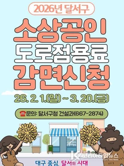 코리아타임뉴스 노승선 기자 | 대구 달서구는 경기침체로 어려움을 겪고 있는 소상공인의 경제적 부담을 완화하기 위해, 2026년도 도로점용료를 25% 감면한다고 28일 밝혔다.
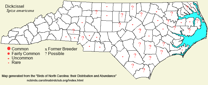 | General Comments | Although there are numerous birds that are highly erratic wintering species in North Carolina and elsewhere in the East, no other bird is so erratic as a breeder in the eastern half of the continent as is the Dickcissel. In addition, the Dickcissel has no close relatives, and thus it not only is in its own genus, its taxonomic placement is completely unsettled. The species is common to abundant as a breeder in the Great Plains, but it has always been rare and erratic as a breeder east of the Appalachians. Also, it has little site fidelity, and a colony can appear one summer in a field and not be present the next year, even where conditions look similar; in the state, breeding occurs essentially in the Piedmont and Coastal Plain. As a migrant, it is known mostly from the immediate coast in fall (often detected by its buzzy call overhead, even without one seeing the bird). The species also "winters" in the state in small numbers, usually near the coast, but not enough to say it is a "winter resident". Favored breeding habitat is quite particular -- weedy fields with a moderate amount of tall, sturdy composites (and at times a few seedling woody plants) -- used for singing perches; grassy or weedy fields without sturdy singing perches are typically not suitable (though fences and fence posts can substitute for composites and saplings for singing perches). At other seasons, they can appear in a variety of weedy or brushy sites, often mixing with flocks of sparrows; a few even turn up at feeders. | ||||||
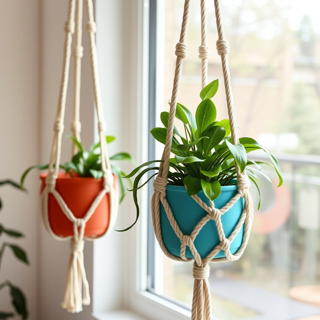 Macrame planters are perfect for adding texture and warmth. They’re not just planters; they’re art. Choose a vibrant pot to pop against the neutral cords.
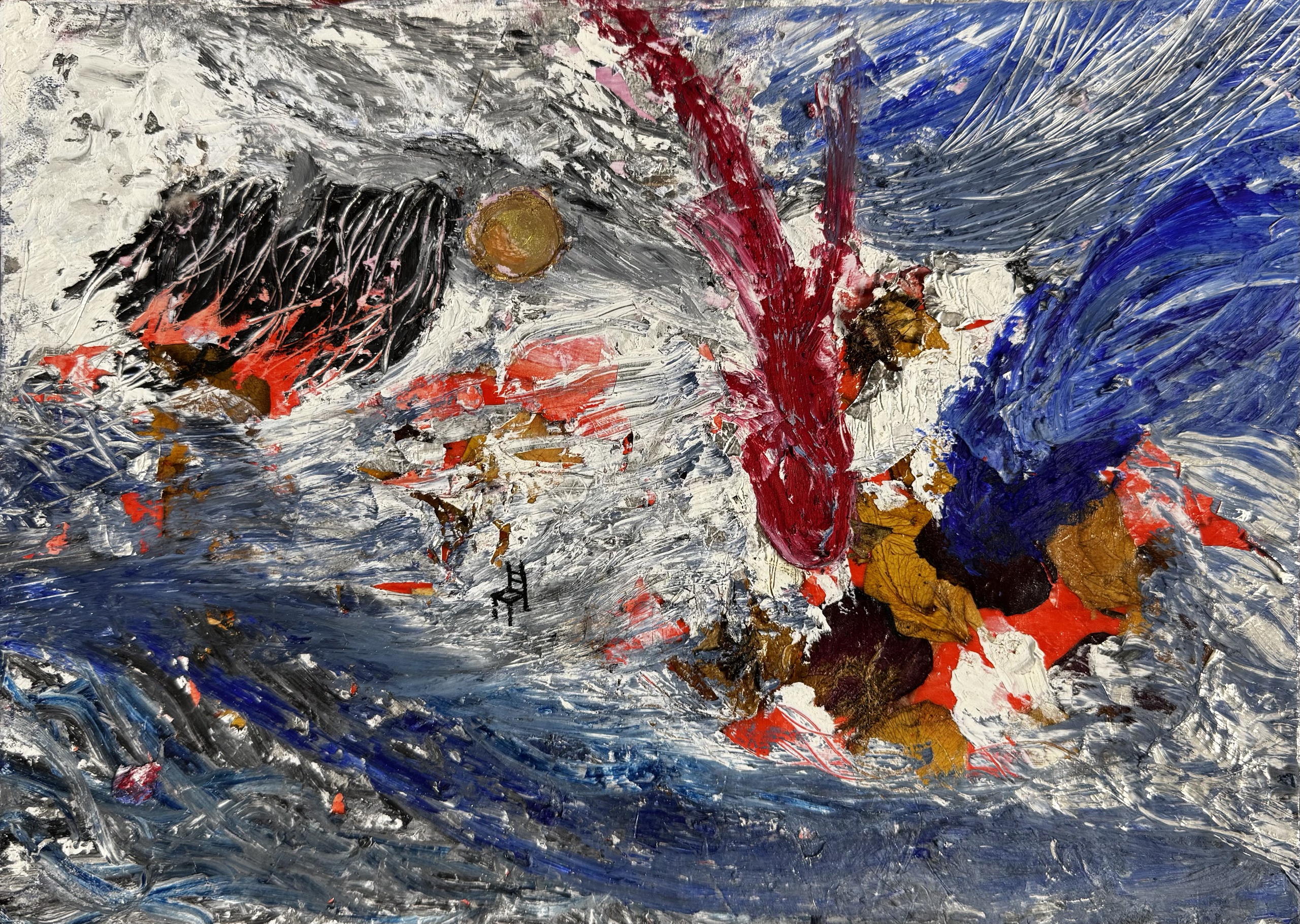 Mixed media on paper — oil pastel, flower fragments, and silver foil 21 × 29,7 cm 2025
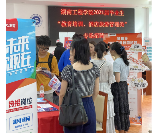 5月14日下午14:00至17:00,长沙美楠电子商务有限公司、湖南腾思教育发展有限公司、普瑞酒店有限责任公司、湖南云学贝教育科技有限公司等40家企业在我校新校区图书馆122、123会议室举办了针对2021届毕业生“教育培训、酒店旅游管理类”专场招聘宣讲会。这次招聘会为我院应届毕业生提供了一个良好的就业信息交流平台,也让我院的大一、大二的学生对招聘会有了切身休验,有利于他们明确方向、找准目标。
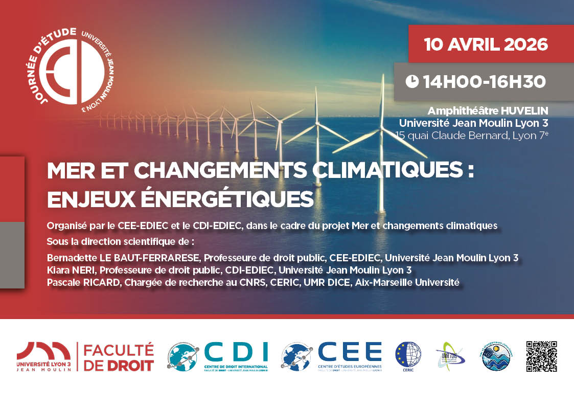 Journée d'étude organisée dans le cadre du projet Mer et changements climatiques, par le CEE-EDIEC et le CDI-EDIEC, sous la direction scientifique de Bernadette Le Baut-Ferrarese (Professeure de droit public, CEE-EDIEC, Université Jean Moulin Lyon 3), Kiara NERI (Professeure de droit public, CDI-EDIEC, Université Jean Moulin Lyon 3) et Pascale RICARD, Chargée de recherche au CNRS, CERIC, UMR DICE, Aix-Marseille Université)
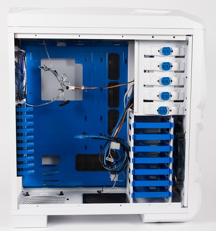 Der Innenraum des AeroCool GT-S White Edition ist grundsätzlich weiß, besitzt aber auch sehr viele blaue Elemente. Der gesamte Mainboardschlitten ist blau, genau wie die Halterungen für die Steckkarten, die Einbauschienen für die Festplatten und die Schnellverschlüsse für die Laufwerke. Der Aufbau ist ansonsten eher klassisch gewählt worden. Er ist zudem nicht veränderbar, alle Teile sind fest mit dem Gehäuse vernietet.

...

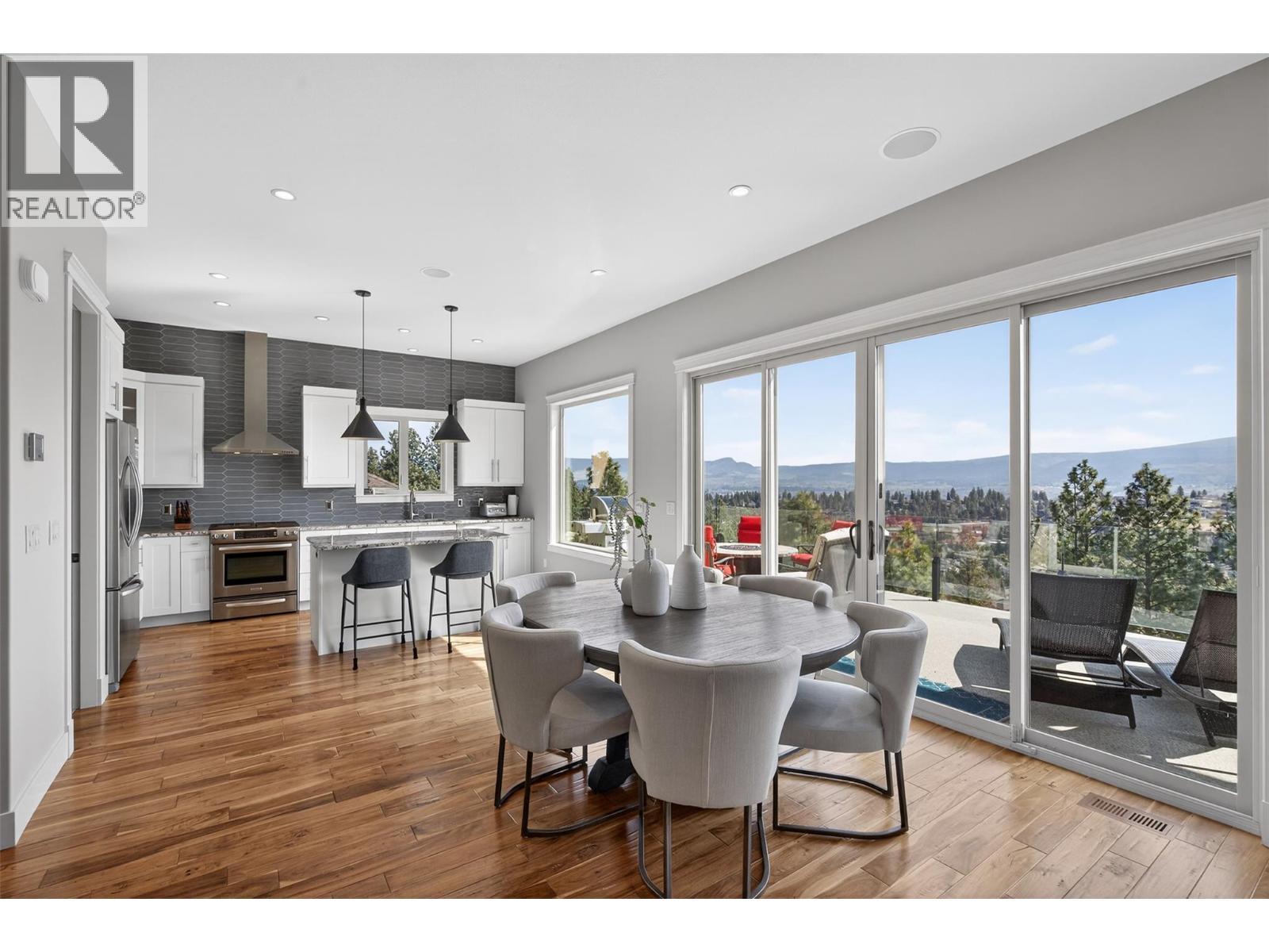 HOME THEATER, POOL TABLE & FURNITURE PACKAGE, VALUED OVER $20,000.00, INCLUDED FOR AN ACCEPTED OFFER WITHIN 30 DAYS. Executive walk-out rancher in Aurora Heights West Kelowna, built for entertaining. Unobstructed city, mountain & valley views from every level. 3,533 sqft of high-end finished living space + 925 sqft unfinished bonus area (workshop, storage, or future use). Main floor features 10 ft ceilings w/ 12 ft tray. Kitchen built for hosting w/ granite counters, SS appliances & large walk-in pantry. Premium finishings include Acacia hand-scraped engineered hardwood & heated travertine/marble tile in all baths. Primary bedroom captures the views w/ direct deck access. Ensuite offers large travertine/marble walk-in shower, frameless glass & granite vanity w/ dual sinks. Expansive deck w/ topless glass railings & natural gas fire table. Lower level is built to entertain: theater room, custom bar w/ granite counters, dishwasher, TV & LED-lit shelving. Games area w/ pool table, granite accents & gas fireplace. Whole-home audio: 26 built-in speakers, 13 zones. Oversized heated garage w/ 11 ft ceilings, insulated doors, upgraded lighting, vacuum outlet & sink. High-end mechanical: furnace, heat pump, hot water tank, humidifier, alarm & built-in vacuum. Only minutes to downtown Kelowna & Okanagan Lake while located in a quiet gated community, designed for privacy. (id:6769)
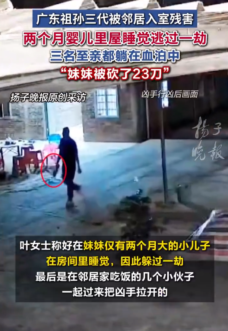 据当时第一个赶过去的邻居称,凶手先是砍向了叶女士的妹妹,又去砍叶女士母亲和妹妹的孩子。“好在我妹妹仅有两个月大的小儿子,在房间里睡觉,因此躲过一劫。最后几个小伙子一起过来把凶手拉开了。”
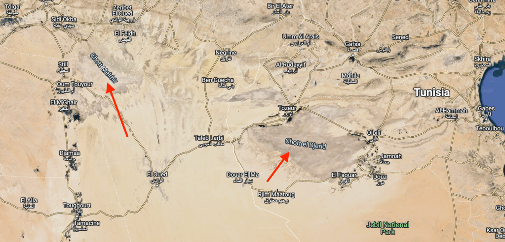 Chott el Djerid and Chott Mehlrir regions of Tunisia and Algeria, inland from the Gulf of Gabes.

### Task directions
Would you set down only the lines above from the line with "feeders. | ||||||" to the line with "5月14日下午14:00至1", both included, exactly as they stand and without the pictures?

### Response area
 | General Comments | Although there are numerous birds that are highly erratic wintering species in North Carolina and elsewhere in the East, no other bird is so erratic as a breeder in the eastern half of the continent as is the Dickcissel. In addition, the Dickcissel has no close relatives, and thus it not only is in its own genus, its taxonomic placement is completely unsettled. The species is common to abundant as a breeder in the Great Plains, but it has always been rare and erratic as a breeder east of the Appalachians. Also, it has little site fidelity, and a colony can appear one summer in a field and not be present the next year, even where conditions look similar; in the state, breeding occurs essentially in the Piedmont and Coastal Plain. As a migrant, it is known mostly from the immediate coast in fall (often detected by its buzzy call overhead, even without one seeing the bird). The species also "winters" in the state in small numbers, usually near the coast, but not enough to say it is a "winter resident". Favored breeding habitat is quite particular -- weedy fields with a moderate amount of tall, sturdy composites (and at times a few seedling woody plants) -- used for singing perches; grassy or weedy fields without sturdy singing perches are typically not suitable (though fences and fence posts can substitute for composites and saplings for singing perches). At other seasons, they can appear in a variety of weedy or brushy sites, often mixing with flocks of sparrows; a few even turn up at feeders. | ||||||
 Macrame planters are perfect for adding texture and warmth. They’re not just planters; they’re art. Choose a vibrant pot to pop against the neutral cords.
 Mixed media on paper — oil pastel, flower fragments, and silver foil 21 × 29,7 cm 2025
 5月14日下午14:00至17:00,长沙美楠电子商务有限公司、湖南腾思教育发展有限公司、普瑞酒店有限责任公司、湖南云学贝教育科技有限公司等40家企业在我校新校区图书馆122、123会议室举办了针对2021届毕业生“教育培训、酒店旅游管理类”专场招聘宣讲会。这次招聘会为我院应届毕业生提供了一个良好的就业信息交流平台,也让我院的大一、大二的学生对招聘会有了切身休验,有利于他们明确方向、找准目标。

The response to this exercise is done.